Patrick set up Patrick Baxter Furniture in 1991, after training with Shropshire cabinet maker & antique restorer David Ackroyd, for the first ten years or so making fairly traditional designs for exclusive clients using all the traditional skills such as carving, gilding, french polishing, intarsia and complex joints, whilst employing 3 full time cabinetmakers for most of that period.

From earliest leanings towards furniture making and wood loving in his teens, Patrick was collecting bits of trees to cut, dry and make into things.

At an early stage of the new business it was clear it was difficult to find kiln dried British hardwoods of any quality on a regular basis so Patrick started cutting and seasoning his own from local trees in 1994. This quality kiln-dried timber was initially used only for the bespoke furniture making business but by 1999  the production was high enough to try selling some excess stock and offcuts and so Lanarkshire Hardwoods was born,  given a name sometime around the millennium.

By 2001 Patrick was mostly full time providing  work for the staff and far less hands on so a return to basics was required. Reluctantly the staff were made redundant and since then Patrick has been the sole furniture maker and restorer,  whilst continuing to expand the timber side of the business,  Lanarkshire Hardwoods.  In 2004 Patrick’s wife Rachael joined him in the business,  freeing up much time no longer spent doing book keeping.  The first website was developed in 2005 and since then business has grown rapidly year on year.

A brand new light and spacious retail wood shop was built as an extension to the old store, doubling the dry, heated storage area for the kiln dried hardwood.  A large air drying and general storage shed was built in 2010, with an adjacent new sawmill housing 2 sawmill machines.

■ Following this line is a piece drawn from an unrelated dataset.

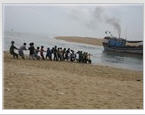Cảnh kéo tàu mắc cạn tại cửa biển Đà Diễn (Tuy Hòa).
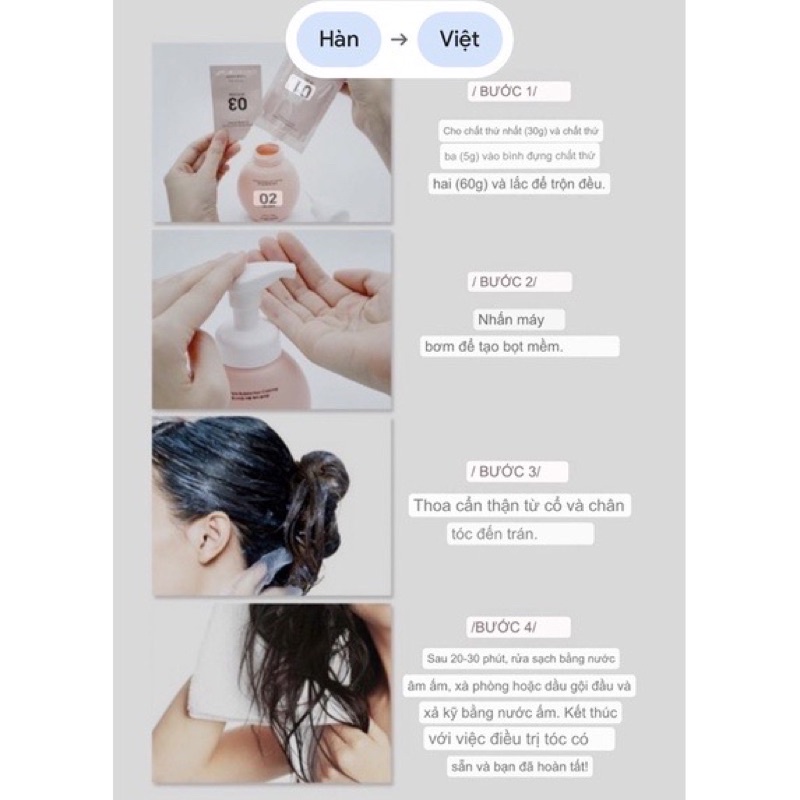 Dầu Gội Nhuộm Tóc Tạo Bọt Etude House Hot Style Bubble Hair Coloring Thương hiệu: Etude House Xuất xứ: Hàn Quốc Bộ sản phẩm nhuộm tóc thuốc nhuộm tóc Etude House Hot Style Hair Coloring Bubble được trang bị 5 món khá tiện lợi cho những bạn khi muốn tự trổ tài nhuộm tóc ngay tại nhà: - Gói thuốc nhuộm tóc. - Bình pha dung dịch nhuộm tóc (thuốc dạng vòi ấn và còn có cả nút chặn). - Tinh dầu dưỡng tóc giúp bổ sung thêm dưỡng chất sau quá trình nhuộm tóc. - Găng tay và áo choàng nilon dùng để khoác quanh cổ để thuốc nhuộm không làm dơ áo. - Một tờ giấy hướng dẫn sử dụng chi tiết. Bạn chỉ cần đổ chất tạo bọt và tạo màu vào bình xịt và lắc nhẹ là có thể xịt bọt ra và dùng bọt thoa lên đầu, giống hệt như cách bạn đang gội đầu. Không còn quá tốn thời gian và phải đi xa nữa, bạn có thể "biến đổi" ngay màu tóc ngay tại nhà với Dầu Gội Tóc Tạo Bọt Etude House Hot Style Bubble Hair Coloring với cách nhuộm độc đáo và không gây hại cho tóc. Được cải tiến từ những loại thuốc nhuộm dạng kem thông thường, Dầu Gội Nhuộm Tóc Tạo Bọt Etude House Hot Style Bubble Hair Coloring với những lớp bọt mịn sẽ giúp màu bám đều và thấm nhanh vào tóc, phủ được từ chân tóc đến ngọn tóc. Đặc biệt, dạng bọt bạn sẽ giúp bạn tiết kiệm được nhiều hơn so với dạng kem. Sản phẩm rất được giới trẻ ưa chuộng và nhận được nhiều đánh giá tốt vì các bước nhuộm cực kì đơn giản, chỉ như thao tác gội đầu thông thường và bạn chỉ mất từ 30-45 phút tại nhà. Sau khi gội, tóc vẫn giữ được độ mềm và màu sắc lên rất sinh động. HƯỚNG DẪN SỬ DỤNG - Đầu tiên mặc áo choàng và đeo găng tay vào để đảm bảo thuốc nhuộm không làm bẩn tay và quần áo. - Đổ tuýp thuốc nhuộm vào bình đựng dung dịch sau đó lắc đều tầm 5 phút sẽ thấy tạo thành đám bọt có màu nhuộm. - Nếu lắc quá nhẹ hay chưa đủ lâu thì nó chỉ ra bọt trắng thôi. Phải thành bọt màu nhuộm mới có tác dụng. - Xịt thuốc nhuộm ra và bắt đầu bôi đều lên tóc từ trong ra ngoài, từ phần ngọn tóc đến chân tóc (chừa phần chân tóc ra khoảng 1cm, vì phần này mau lên màu) rồi sau cùng nhuộm phần chân tóc. - Gom tóc cho gọn lại rồi dùng mũ chụp nilon (nếu có) và đợi 30-45 phút rồi gội sạch. - Lau cho tóc ráo nước rồi dùng gói dầu dưỡng tóc thoa đều lên tóc và chờ khoảng 5 phút sau xả lại tóc với nước lần cuối. Lưu ý bảo quản: - Một chai sử dụng cho tóc ngắn được 2 lần nhuộm, tóc ngang lưng được 1 lần, tóc dài tới eo thì phải cần 2 chai. - Thời gian lưu màu trên dưới 2 tháng tùy theo tình trạng tóc của bạn trước khi nhuộm: Tóc đen chưa nhuộm màu lên chuẩn và giữ lâu hơn tóc đã và đang có màu cũ. - Không để tóc dơ và rối trước khi nhuộm. - Không nên dưỡng tóc trước khi nhuộm. - Tránh ủ thuốc nhuộm quá lâu. - Tuyệt đối không sử dụng thuốc nhuộm cho lông mày hoặc lông mi. - Bảo quản nơi khô ráo thoáng mát. - Tránh ánh nắng trực tiếp. - Để xa tầm tay trẻ em. #thuocnhuomtoc #nhuộmtoc #bọtnhuomtoc #botbien #thuocnhuomtocdangbot #thuocnhuomtoctainha

A new 2010 website was launched for the ten year anniversary of Lanarkshire Hardwoods, developed as a response to demand for an eco-friendly, sustainably produced and ethically run UK hardwoods website where you could choose and buy small quantities of choice timber from the comfort of your home or accurately view the stock to see if what you wanted was available before making a trip out to visit the wood shop and select in person.  This was followed by another edition in 2015 with an enhanced e-commerce buying wood online experience.  This format is still in place but is constantly tweaked to improve it’s operation, as 2020 saw 2 decades of timber selling from The Wood Place premises,  as the collection of businesses operating from Girdwoodend has for some time been called.